Transitioning from insurance-based care into Direct Care isn’t a walk in the park. Cutting the red tape is not necessarily about EASE.

It’s about AFFECT. Affecting patients lives, affecting our own lives as doctors and business owners. It’s about having a stake in the work we do, and being rewarded for doing it well.

Here’s an earnest email from Mary Wulfers. She’s helping her husband run his newly opened Direct Care practice.

We’re really busy. Mike has about 130 new patients and they all seem to want a physical right away, so he’s really really busy. Around 170-180 patients transferred from his old practice, and we’ve obtained and built all those charts as well. I continue to work full time at the office and then some out of necessity, which is just fine. Younger families are really starting to sign up; it’s almost like the word has just gotten out. Last Monday was quite a day, had 17 new patients sign up and our nurse was out sick that day, too.This has been a very rewarding experience in so many ways but a lot of work, too. Out [sic] new website should be online soon, can’t wait to see it. Mike is really happy about some of the new patients he’s getting, some with poor insurance who are so excited to have a good doctor for the first time. How can you beat that?

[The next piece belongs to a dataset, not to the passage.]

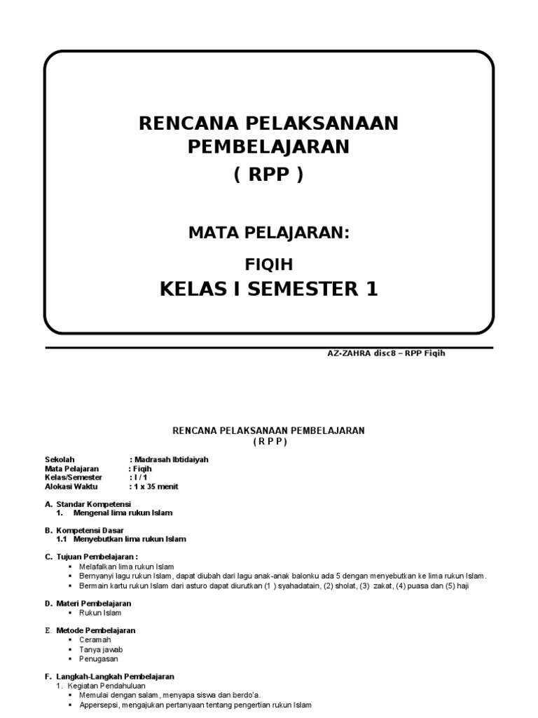 Bersumber pada surat edaran menteri pendidikan hingga dengan demikian bapak/ ibu guru tidak perlu lagi repot mencari model rpp fikih 1 lembar kelas 4 semester 1 revisi 2020, karena buat.

Seriously, how CAN you beat that?

Stop Losing Primary Care Physicians To Burnout

Here’s a central difficulty of the Affordable Care Act: If everyone has access to health insurance, then everyone has access to all the medical care they need. But curing sickness and preventing death is costly, so why not save money and lives by making primary care doctors more affordable?

After all, it’s our business to KEEP you healthy. And keeping you healthy cuts costs in the long-run.

However, we don’t and won’t have enough primary care providers in the United States unless things change.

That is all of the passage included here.